Let’s examine what we’re doing in the code above. In these lines, we import the required packages to work with: whisperx to load whisper model, os to get subtitles file path, and timedelta to format text timestamps:

from datetime import timedelta
import os
import whisperx

Here, we defined a function that takes an input video, loads Whisper model "large-v2", specifies a compute_type, and configures the model to use CPU instead of GPU, and .

After that, the function loads video audio into the model, then transcribes the video audio.

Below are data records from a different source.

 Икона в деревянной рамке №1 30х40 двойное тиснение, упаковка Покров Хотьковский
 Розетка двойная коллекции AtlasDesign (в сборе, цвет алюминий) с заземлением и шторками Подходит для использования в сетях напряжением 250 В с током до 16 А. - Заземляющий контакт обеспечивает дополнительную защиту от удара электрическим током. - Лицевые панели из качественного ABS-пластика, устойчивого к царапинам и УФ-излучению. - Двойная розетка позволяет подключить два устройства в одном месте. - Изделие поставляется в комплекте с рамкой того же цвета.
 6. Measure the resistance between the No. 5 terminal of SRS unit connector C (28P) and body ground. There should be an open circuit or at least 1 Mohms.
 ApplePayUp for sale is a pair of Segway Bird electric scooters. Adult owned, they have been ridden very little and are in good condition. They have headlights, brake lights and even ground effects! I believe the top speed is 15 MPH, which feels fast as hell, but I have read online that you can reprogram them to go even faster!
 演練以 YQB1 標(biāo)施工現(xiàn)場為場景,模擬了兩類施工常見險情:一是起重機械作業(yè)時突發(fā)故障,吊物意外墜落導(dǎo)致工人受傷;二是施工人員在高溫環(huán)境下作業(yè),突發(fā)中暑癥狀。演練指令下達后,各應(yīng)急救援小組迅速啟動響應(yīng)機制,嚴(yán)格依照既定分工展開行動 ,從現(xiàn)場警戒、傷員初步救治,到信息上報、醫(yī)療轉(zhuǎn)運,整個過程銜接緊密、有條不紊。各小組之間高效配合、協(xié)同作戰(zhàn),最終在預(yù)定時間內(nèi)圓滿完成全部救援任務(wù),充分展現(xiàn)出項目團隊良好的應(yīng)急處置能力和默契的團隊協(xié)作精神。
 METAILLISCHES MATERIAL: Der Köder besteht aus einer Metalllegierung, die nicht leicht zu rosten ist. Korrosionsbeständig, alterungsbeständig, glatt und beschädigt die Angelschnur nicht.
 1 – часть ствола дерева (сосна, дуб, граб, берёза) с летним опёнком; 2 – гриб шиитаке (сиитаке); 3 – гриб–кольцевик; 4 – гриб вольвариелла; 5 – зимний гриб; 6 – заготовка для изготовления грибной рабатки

Finally, it aligns the model results and return text with timestamps:

def transcribe_video(input_video):
    batch_size = 32 
    compute_type = "float32"  
    device = "cpu"

    model = whisperx.load_model("large-v2", device=device, compute_type=compute_type)

    audio = whisperx.load_audio(input_video)
    result = model.transcribe(audio, batch_size=batch_size, language="en")

    model_a, metadata = whisperx.load_align_model(language_code=result["language"], device=device)
    result = whisperx.align(result["segments"], model_a, metadata, audio, device, return_char_alignments=False)

    segments = result["segments"]

After that, the function loops through the model results segments, converts them into .srt format, and appends each word item into a subtitles.srt file:

   # if srt file exists, delete it
    if os.path.exists("subtitles.srt"):
        os.remove("subtitles.srt")
    for index, segment in enumerate(segments):
        startTime = str(0)+str(timedelta(seconds=int(segment['start'])))+',000'
        endTime = str(0)+str(timedelta(seconds=int(segment['end'])))+',000'
        text = segment['text']
        print(text)
        segment = f"{index + 1}\n{startTime} --> {endTime}\n{text[1:] if text[0] == ' ' else text}\n\n"

        srtFilename = os.path.join(f"subtitles.srt")
        with open(srtFilename, 'a', encoding='utf-8') as srtFile:
            srtFile.write(segment)

    return srtFilename

Adding subtitles to a video

Now, update main.py with the code mentioned below:

from datetime import timedelta
import os
import whisperx
import subprocess

def transcribe_video(input_video):
    batch_size = 32 
    compute_type = "float32"  
    device = "cpu"

    model = whisperx.load_model("large-v2", device=device, compute_type=compute_type)

    audio = whisperx.load_audio(input_video)
    result = model.transcribe(audio, batch_size=batch_size, language="en")

    model_a, metadata = whisperx.load_align_model(language_code=result["language"], device=device)
    result = whisperx.align(result["segments"], model_a, metadata, audio, device, return_char_alignments=False)

    segments = result["segments"]


   # if srt file exists, delete it
    if os.path.exists("subtitles.srt"):
        os.remove("subtitles.srt")
    for index, segment in enumerate(segments):
        startTime = str(0)+str(timedelta(seconds=int(segment['start'])))+',000'
        endTime = str(0)+str(timedelta(seconds=int(segment['end'])))+',000'
        text = segment['text']
        print(text)
        segment = f"{index + 1}\n{startTime} --> {endTime}\n{text[1:] if text[0] == ' ' else text}\n\n"

        srtFilename = os.path.join(f"subtitles.srt")
        with open(srtFilename, 'a', encoding='utf-8') as srtFile:
            srtFile.write(segment)

    return srtFilename

def add_srt_to_video(input_video, output_file):

    # FFmpeg command
    subtitles_file = 'subtitles.srt'

    # FFmpeg command
    ffmpeg_command = f"""ffmpeg -i {input_video} -vf "subtitles={subtitles_file}:force_style='FontName=Arial,FontSize=10,PrimaryColour=&HFFFFFF,OutlineColour=&H000000,BorderStyle=3,Outline=1,Shadow=1,Alignment=2,MarginV=10'" -c:a copy {output_file} -y """

    # Run the FFmpeg command
    subprocess.run(ffmpeg_command, shell=True)
 


    input_video_path = "input.mp4"
    output_file = "output.mp4"
    transcribe_video(input_video_path)
    add_srt_to_video(input_video_path, output_file)


main()

Finally, we load the subtitles.srt into the video using FFmpeg and add subtitles as text in the video.

Here’s a sample video of this project:

And there you have it, a step-by-step guide to transforming your video into a masterpiece of clarity and engagement. Whether you're aiming to make your content more accessible or simply looking to add a professional touch, these tools empower you to achieve your goals.